Regulatory Legislation Enacted During 2025 Spring Session

September 16, 2025

Memorandum

The Spring 2025 legislative session resulted in several hospital regulatory bills being passed by the Illinois General Assembly and signed into law by Gov. JB Pritzker. This memo provides a summary of those laws.

P.A. 104-0046 – Emergency Contact Person – This legislation, effective Jan. 1, 2026, makes changes to the Caregiver Advise, Record, and Enable (CARE) Act. Under this legislation, hospitals must ask any patient being admitted if they would like to designate an emergency contact, and whether the hospital is authorized to share protected health information with the emergency contact. If authorized, and should the patient die while in the hospital, the hospital must contact the patient’s emergency contact if they are not the patient's legal representative and the patient's legal representative does not object. An attempt to contact the emergency contact, even if they do not answer, fulfills the hospital’s requirement under these changes. If a patient fails to authorize the hospital to share the patient's protected health information or revokes such authorization as it pertains to the emergency contact, the hospital may only contact the emergency contact as otherwise allowed by law. Through IHA’s advocacy efforts language in the underlying bill was removed that would have been challenging for hospitals to operationalize and would have put them at risk of violating federal and state privacy laws.

Note: Nothing regarding the changes under this legislation relieves a hospital of its obligations under existing law.

P.A. 104-0191 – Strengthening of Inappropriate Nursing Home Transfers – This legislation, effective Jan. 1, 2026, makes meaningful changes to the Assisted Living and Shared Housing Act and the Nursing Home Care Act. As it pertains to hospitals, the changes in this legislation prohibit a facility licensed under these Acts from initiating a termination of residency due to an emergency situation, such as hospitalization, if the resident’s physician, the facility manager, and the facility director of nursing state that returning to the facility will not present a danger to the resident. The Illinois Dept. of Public Health (IDPH) makes final determination of whether a termination of residency is involuntary and is provided the authority to order the immediate readmission of the resident. IHA supported this important legislation as a way to reduce occurrences of “hospital dumping.”

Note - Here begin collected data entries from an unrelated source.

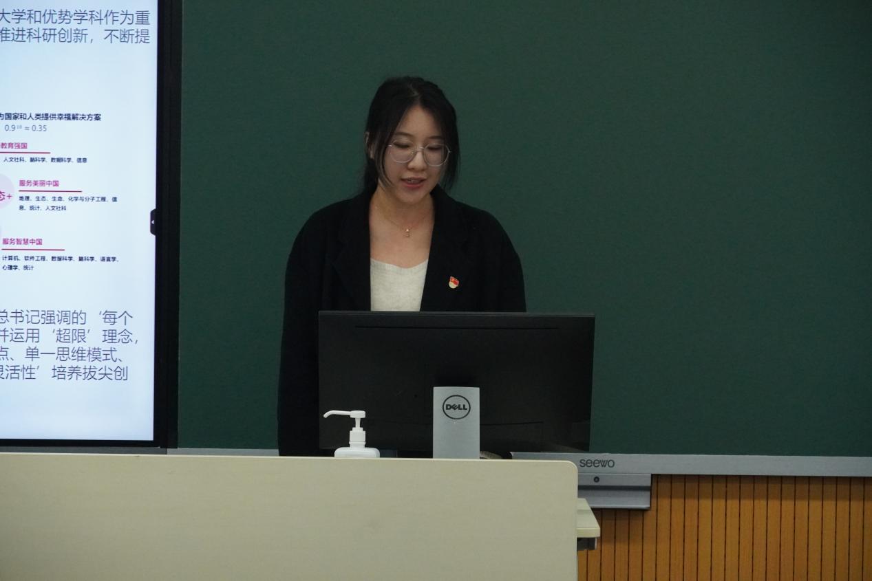 生态支部的第二党小组成员方程柳慧以“如何理解育人创新”为题进行了分享。育人创新旨在培养创新型人才,创新型人才作为国家科技创新的源动力,不仅能推动科技领域的突破,而且可以提高国家竞争力。作为研究生,我们应该积极参与创新竞赛,定期进行学术交流,培养全面素质和创新能力,提升为人民服务的能力。随后,小组的另外两位成员李嘉琪和李慧珠上台分享学习感悟,两位同学表示培养创新能力应该关注自身全面素质的发展,保持开放和包容的思维,提高实践能力和团队协作能力,做到全面发展。
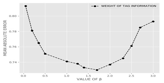 The extra regularization parameter, , controls the contribution of tag information in learning the item latent feature vector. In other words, for , our methodology adopted the basic WNMF to compute Equation (13) and thereafter predict ratings, whereas, for non-zero values, the weight of the tag information manifested its effects on the predictions, as illustrated in Figure 5. Although this reflects a certain degree of reliance on for the proposed approach, it also proved the efficiency of using a combination of hierarchical and tag information. The correlation between MAE and for in the range of 0.05–3.0 was plotted for the 80% training dataset and the accuracy increased proportionally with , peaking between 1.0 and 2.1 (lowest MAE recorded).
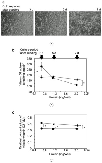 In addition to evaluations in dispersed cells, we evaluated the uptake of vitamin D2 in cells with insufficient cell-cell adhesion. The cells were cultured for 3, 5, and 7 d after seeding into 24-well plates and then incubated with vitamin D2 solubilized in mixed micelles.
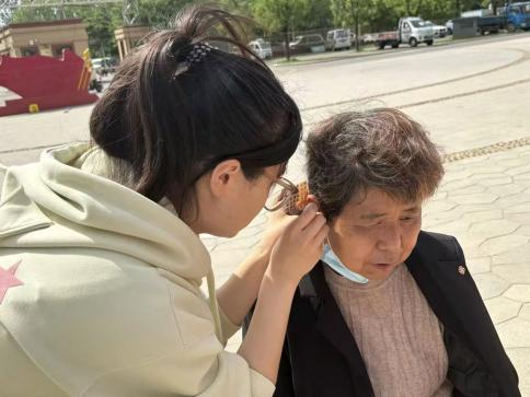 在耳穴压豆区,大学生为老人们详细讲解了耳穴压豆的原理和功效,根据老人们不同的健康需求进行相应穴位粘贴,同时教会老人们自行按压耳穴处以期达到更好的保健效果。老人们积极与大学生互动交流,对这一新奇且实用的方法表现出浓厚兴趣。
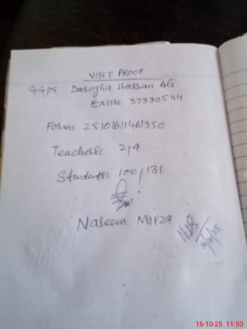 | Attendance Register | Head Teacher | MEA with School | Visit Proof |
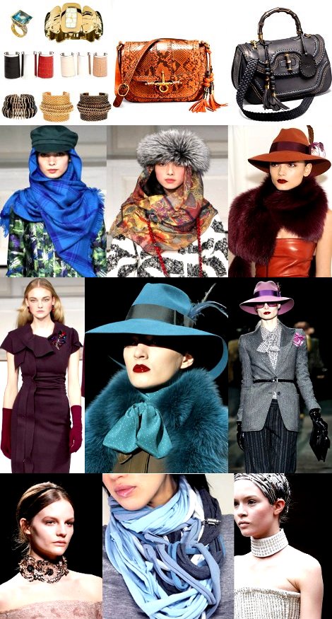Роскошный мех господствует в аксессуарах зимой 2012 года: из него изготавливаются модные головные уборы, боа, горжетки, сумки. В коллекции от Gucci эти вещи просто великолепны! В моде – разнообразные меховые шапки, как в коллекции Oscar de la Renta, причем предлагается их носить поверх головного платка.

P.A. 104-0365 – CON Changes to “Non-Clinical Service Area” – This legislation, effective Jan. 1, 2026, makes changes to the Health Facilities Planning Act related to the definition of “non-clinical service area.” Per the changes, a non-clinical service area specifically includes components in a patient care area used as education space, consultation and touchdown rooms, and on-call rooms. Conversely, what is not considered a non-clinical service area has been expanded to specifically include areas in a patient care unit, or areas that are required by IDPH licensing standards, such as hallways and other interdependent components of a clinical area. Finally, definitions of a “patient care unit” and “provider” were added to the Act. Through IHA’s advocacy efforts, many of the originally proposed changes in the bill were removed which would have resulted in several unintended consequences to hospital infrastructure planning. Discussions with staff of the Health Facilities and Services Review Board on those issues remain ongoing.